Good word-of-mouth marketing is the holy grail of advertising. It’s a source of free promotion of your product or service from a credible source — a satisfied customer. It’s powerful. In an April 2012 report on its Global Trust in Advertising survey, Nielsen reported that 92 percent of consumers said they trust friends and family’s recommendations above all other forms of marketing. The Word of Mouth Marketing Association, or WOMMA, says that this kind of personal connection drives some 54 percent of purchase decisions. It’s also ubiquitous. WOMMA claims 2.4 billion brand-mentioning conversations happen every day in the United States — but word of mouth can cut both ways. According to marketing guru Seth Godin, word of mouth happens when you’ve delighted a customer and when you’ve disappointed or angered one. It’s the latter scenario that bring about the most troubling disadvantages of this form of marketing.

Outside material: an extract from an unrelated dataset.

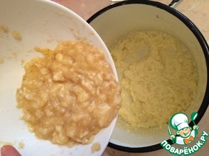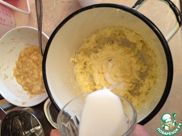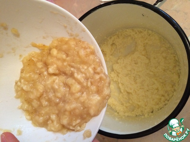 • Теперь добавляем измельченный банан (по консистенции он должен быть как пюре). Перемешиваем.

Simply put, your customer’s rave reviews about your product or service comes at that customer’s good will — and his memory. You can’t make it happen, nor can you count on a customer remembering to refer prospective clients your way when an opportunity presents itself. They could even be afraid of ruining your business if you get too popular and their best-kept secret gets out. They might keep mum. Unlike paid advertising, through which you choose the channel, the audience, and the timing of messages, word-of-mouth marketing is largely a product of chance.

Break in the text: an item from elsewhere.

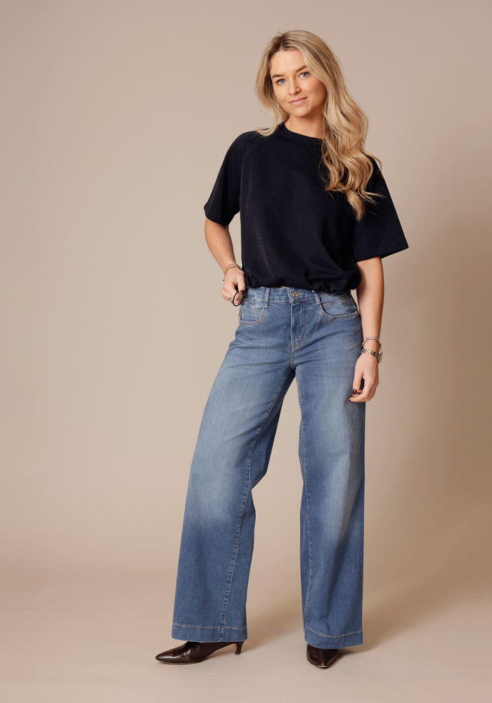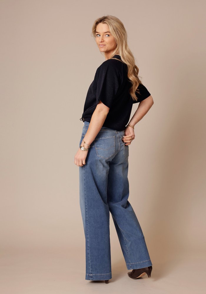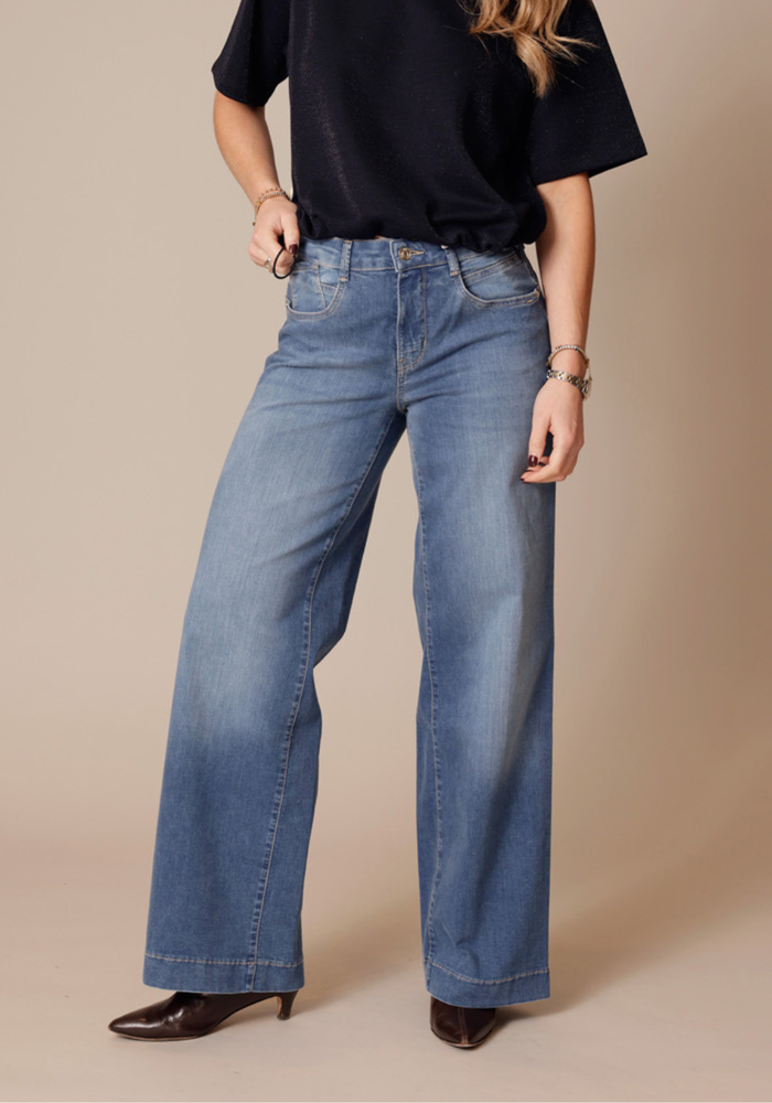 De Wide jeans van Mac is een wijde broek met knoop- en ritssluiting.

You can’t control or censor what your customers say about you. With innumerable outlets to pour out both positive and negative experiences with you, especially social media and online review websites, word-of-mouth marketing shows its downsides when a single unsatisfied customers, with choruses from your ruthless competitors, take to the air waves to bash your product or service. Even with positive word-of-mouth marketing, you have little control over an important marketing pillar: positioning. Your satisfied customers may peg you as being the greatest and most affordable supplier of a service when your marketing plans called for going after the luxury, high-end portion of your market. In this case, earned media and aggressive public relations can help you influence “the story” about your business.

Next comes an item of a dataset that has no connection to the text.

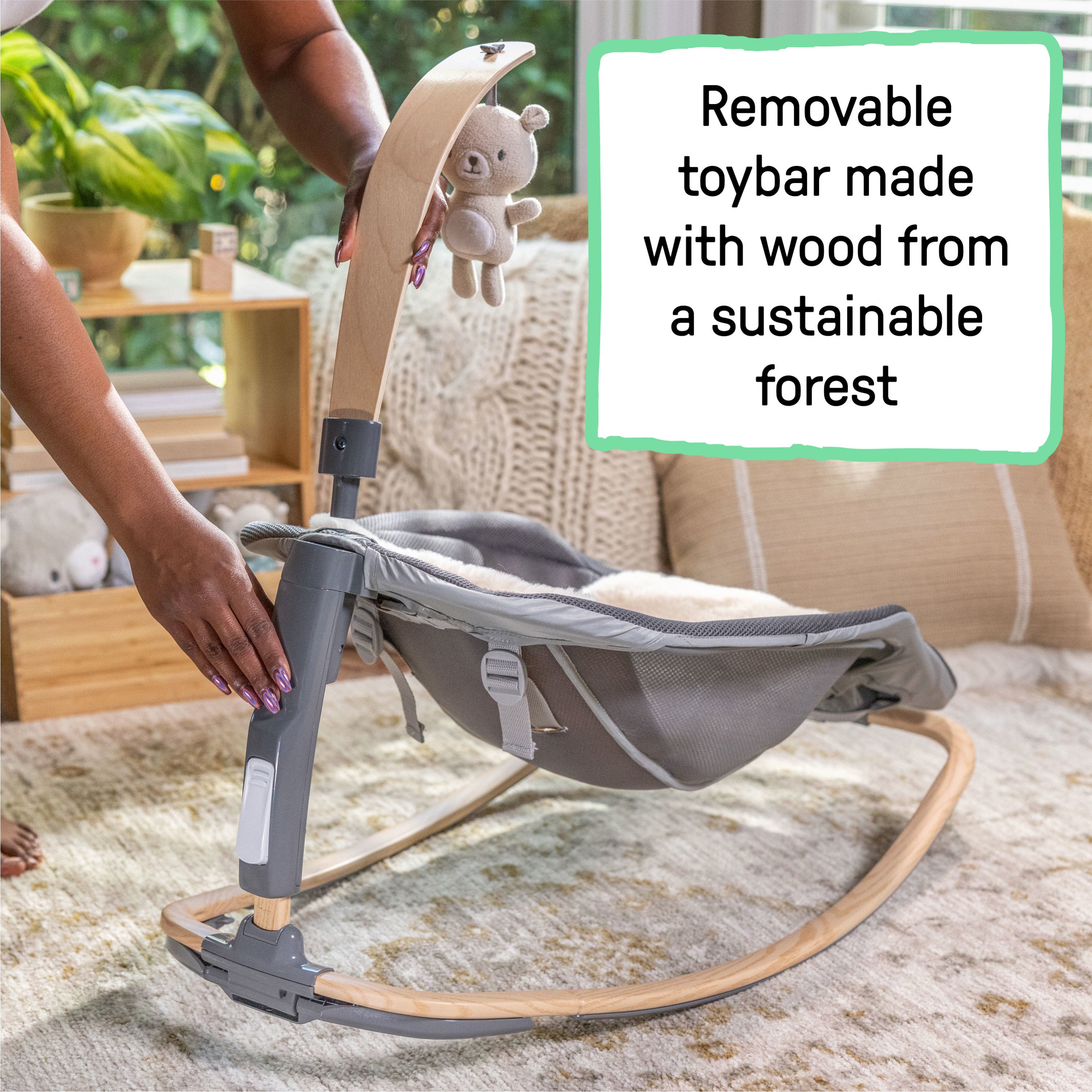 The right body temperature is essential to the happiness of your little one. Ingenuity's innovative Every Season™ Rocking Seat made with Air Flow technology is the simple, all-in-one solution to keeping baby consistently comfortable in any environment. The extra cozy lamsbwool is 100% natural and sourced from Australia. Plus, you'll get some extra use with this rocking seat as it converts to a stationary seat to grow from baby to toddler. A detachable toy bar, made with wood from a sustainable forest, includes a removable soft plush Nate the Bear character toy and wooden ring toy on a T-strap. The seat plays soft music and comforting sounds along with gentle vibration to soothe baby's fussy moments; sound and vibration require 3 C alkaline batteries (not included). Our innovative design helps you fold the rocker flat for easy storage and transport. The seat is made for babies ages 0-30 months or up to 40 pounds, whichever comes first. The Every Season Rocking Seat is the perfect baby shower gift for helping new parents keep baby comfortable and happy all year long.

Word-of-mouth marketing can’t be relied upon as a primary source of marketing for your business. Once the buzz stops, interest and knowledge of your product can come to a complete standstill. Rather, word of mouth works well when it supplements a full-scale marketing effort that tells the complete story of your company through multiple outlets.
As a small-business owner, you may already be sold on the value of word-of-mouth marketing, but you should be cautious of another of its potential pitfalls: unscrupulous practices to generate buzz about a business. For example, paying people to talk positively about a product, or negatively about a competitor’s product, without revealing the agreement is known as "shilling," and is considered unethical. Some small business owners can go as far as creating fake identities and posting product promotions on websites to generate talk. In the extreme, some companies have retaliated against customers for vocal complaints. Good word of mouth comes from good products and services, not trickery or abuse.
Spark word of mouth by exceeding your customer’s expectations every time. There’s no substitute for a job well done. That’s what your reputation is founded on, and there’s no argument against a multitude of satisfied customers. Ask for a referral, says Inc. magazine expert Nancy Michaels. After establishing a track record and building a relationship with your customers, you’re in a great position to petition your customers to “return the favor” of a job well done with a little friendly referral. WOMMA recommends developing tools to make telling others about your service as easy as possible. These can include online forums, feedback tools, and increased presence on social networks.